Either way, there's something to be said for the "Out of sight, out of mind" approach:
Burying stuff I don't want to deal with is exactly what I do with my feelings.
But while Colville-Andersen claims no city has found the solution to bike parking, once city councilperson is doing the unthinkable and collaborating with the enemy:
"We try to steal as many good ideas as we can, and we have a very good working relationship with [city planners in] Holland", says Andreas Roehl from Copenhagen city council, noncommittally.

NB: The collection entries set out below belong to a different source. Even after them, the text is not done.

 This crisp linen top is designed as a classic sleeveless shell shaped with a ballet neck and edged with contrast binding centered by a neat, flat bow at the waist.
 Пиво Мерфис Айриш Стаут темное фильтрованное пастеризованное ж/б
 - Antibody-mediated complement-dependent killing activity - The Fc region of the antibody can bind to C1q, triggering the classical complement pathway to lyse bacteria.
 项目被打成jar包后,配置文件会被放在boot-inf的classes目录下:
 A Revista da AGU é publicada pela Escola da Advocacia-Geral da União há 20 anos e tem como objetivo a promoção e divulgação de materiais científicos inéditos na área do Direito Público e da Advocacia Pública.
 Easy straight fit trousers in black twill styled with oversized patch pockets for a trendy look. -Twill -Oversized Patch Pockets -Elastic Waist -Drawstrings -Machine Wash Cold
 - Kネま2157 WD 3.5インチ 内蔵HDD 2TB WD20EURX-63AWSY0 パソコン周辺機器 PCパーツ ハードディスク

The bit about stealing ideas may be true, but the relationship between these two tiny cycling nations is anything but "good," and just last month a drowned Danish cycle spy was found handcuffed to a Dutch bike in a canal in The Hague. Consequently, the Copenhagen city council has been forced to wait until things cool down before resuming their espionage, and in the meantime they've been trying to come up with their own ideas--though this is the best one they've had so far:
A few years ago "bike-butlers" were introduced in some areas. The butlers pick up bicycles that have been knocked over, pump air into flat tyres and give the bike-chains a bit of oil, to thank people for parking properly.

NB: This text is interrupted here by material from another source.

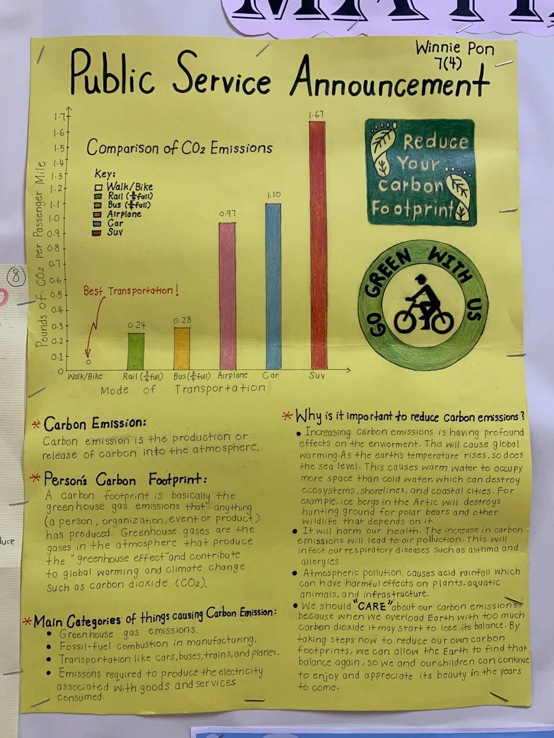 在过去的一个月里,七年级的同学们参与了一个创新性的数学课题——低碳生活。这是一个综合项目,主要以“节约和减少每个人每天的碳足迹”为主题展开讨论。题目从简到难,一共分成了4个部分。在第一部分“飞机、火车和汽车”中,学生需要计算三个截然不同的人在他们交通出行方面的碳排放量。与此同时,学生们理解了碳大量排放的严重后果,包括冰山融化,季节变换,甚至是风暴的出现等等。这一部分提供的一个关于不同交通工具的碳排放量的表格引发了同学们的深思。第二部分则从交通转向了食品。在“旅游食品”部分中,学生计算了生产和运输食品所排放的碳量,了解到即使是食品或货物也会产生或多或少的碳排放量。在第三部分“你生命中的一天”,学生们填写了一张记录自己每日碳足迹的表格。这一环节使学生能够深刻反思自己的每日碳足迹。课题的最后一个部分,学生们将自己了解的碳足迹过程整理归纳,以小报或视频的形式呼吁他人减少自己的碳足迹。在整个项目的最后,学生需要完成一个自我发思,来归纳以及整理自己在这个课题中的得失,这个过程提高了学生批判性思考的能力。

Meanwhile, here in New York City, the Citi Bike fleet is set to double thanks to a buyout:
In fact, you can already see the results:
(Citi Bike? Doubled.)
There are also rumors of expansion, presumably pending a feasability study confirming that the neighborhoods in question have in fact been thoroughly gentrified:
Rubinstein reported that REQX plans to double the size of the Citi Bike fleet to 12,000 bikes. In July, the expansion was rumored to reach up to 145th Street in Manhattan and into western Queens and another ring of Brooklyn neighborhoods adjacent to the current service area. Annual membership prices are expected to increase about 50 percent.
This makes sense because, looking at the current Citi Bike station map, there are still a lot of areas you can't even remotely afford to live in anymore that are not yet served by the program:
Surely this will change soon. Every time a bell rings an angel gets its wings, and every time a rent stabilized tenant is ousted from an apartment building a street gets one of these little Citi Bike push pins of gentrification. It is our Manifest Gentry that, one day, everything from the East River to the Cross Island Parkway will be a sea blue.

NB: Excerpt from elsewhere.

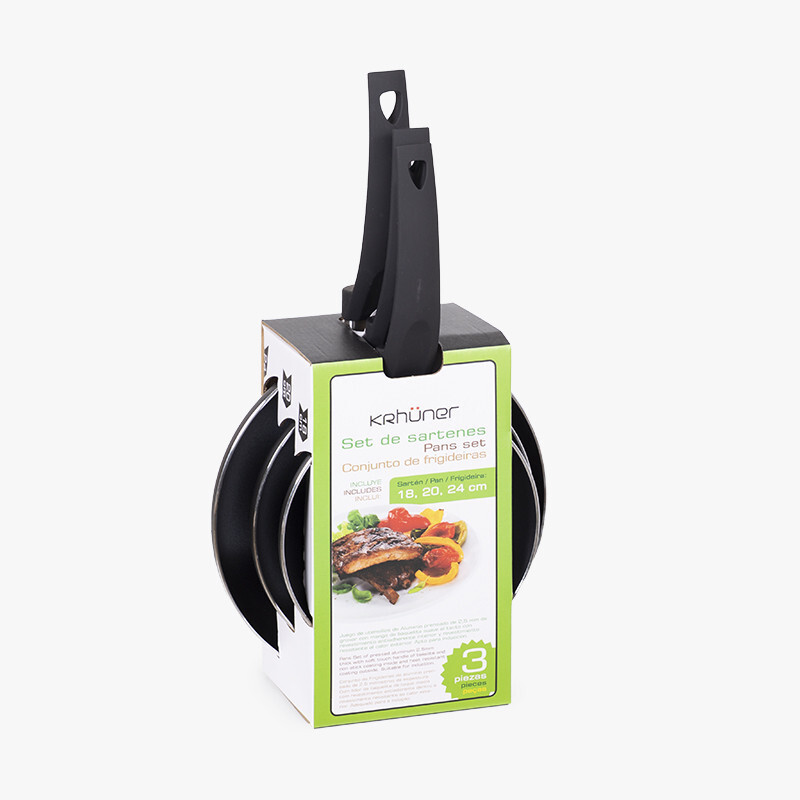Set de 3 sartenes aluminio prensado Krhüner 18/20/24cm. Descubre la solución perfecta para tu cocina con este set de sartenes de aluminio prensado de alta calidad. Cada sartén cuenta con un grosor de 2,5 mm y un mango ergonómico de baquelita, diseñado para ofrecer comodidad y seguridad.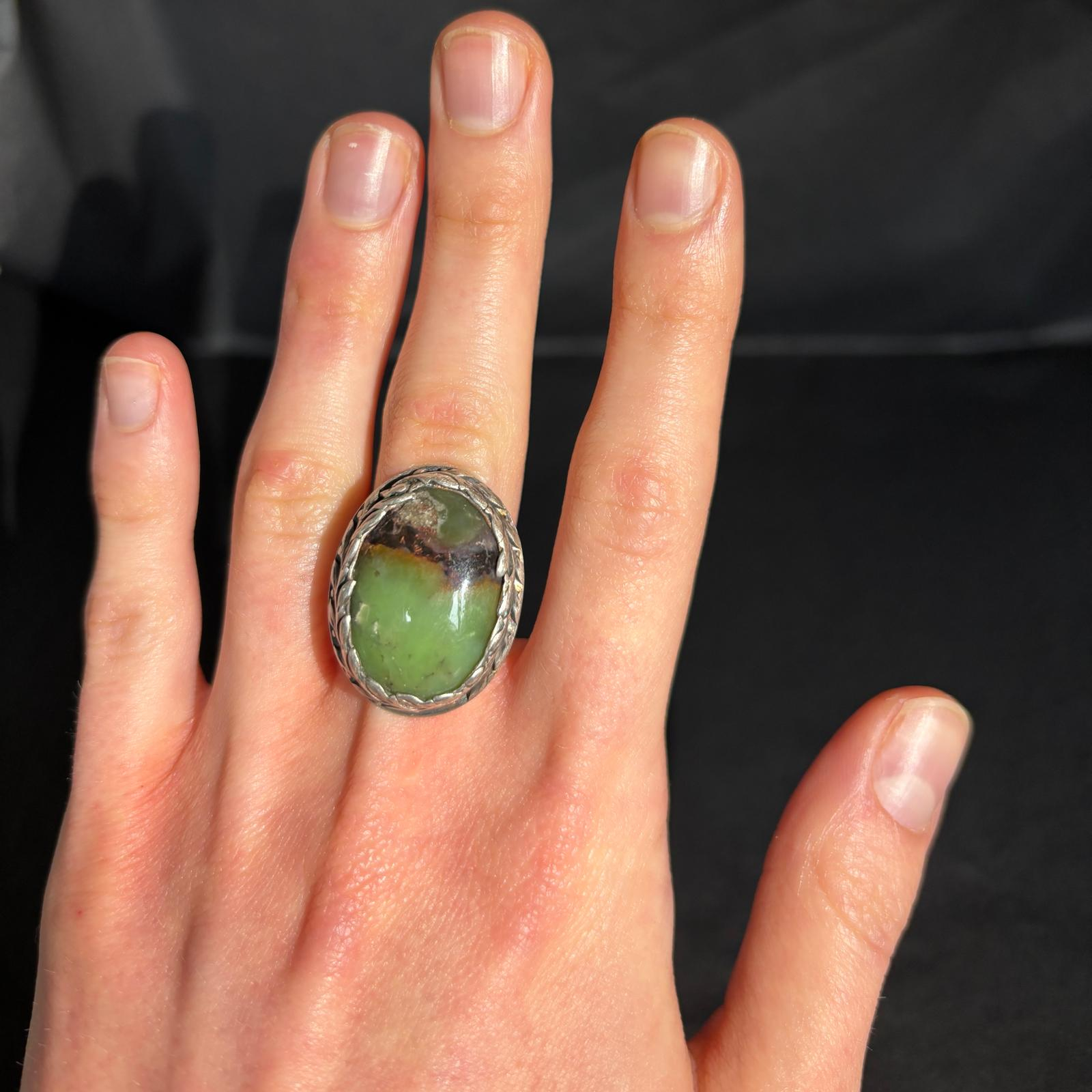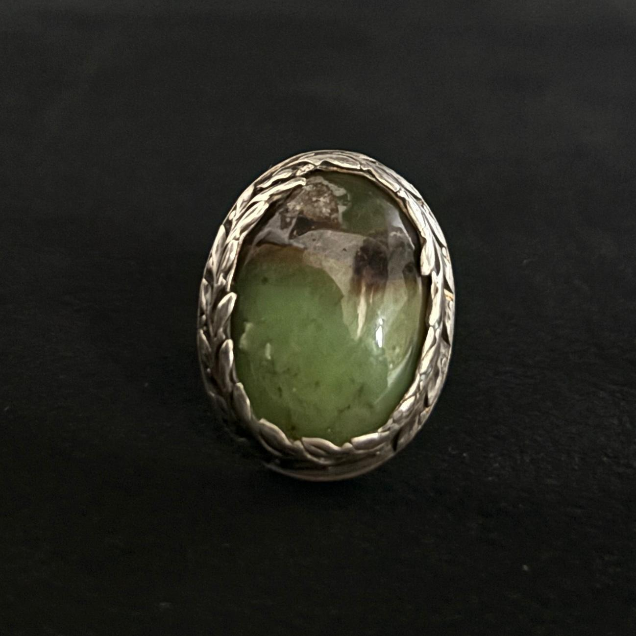 Inel din argint, unicat, cu piatra naturala de crisopraz, model original Lárgenteria R.E.M.

Lastly, there seems to be talk about a(nother) women's Tour de France, though mostly in the context of why there can't be a women's Tour de France:
The call for a women's Tour de France continues to gain momentum, with Tour organisers ASO holding the first edition of La Course on the final day of this year's men's race. Race director Christian Prudhomme has already told Cyclingnews that it wouldn't be possible to have the events run at the same time.
I'm torn. On one hand, it's ridiculous the women don't have their own race. On the other, I wouldn't wish that drug-addled shitshow on anybody.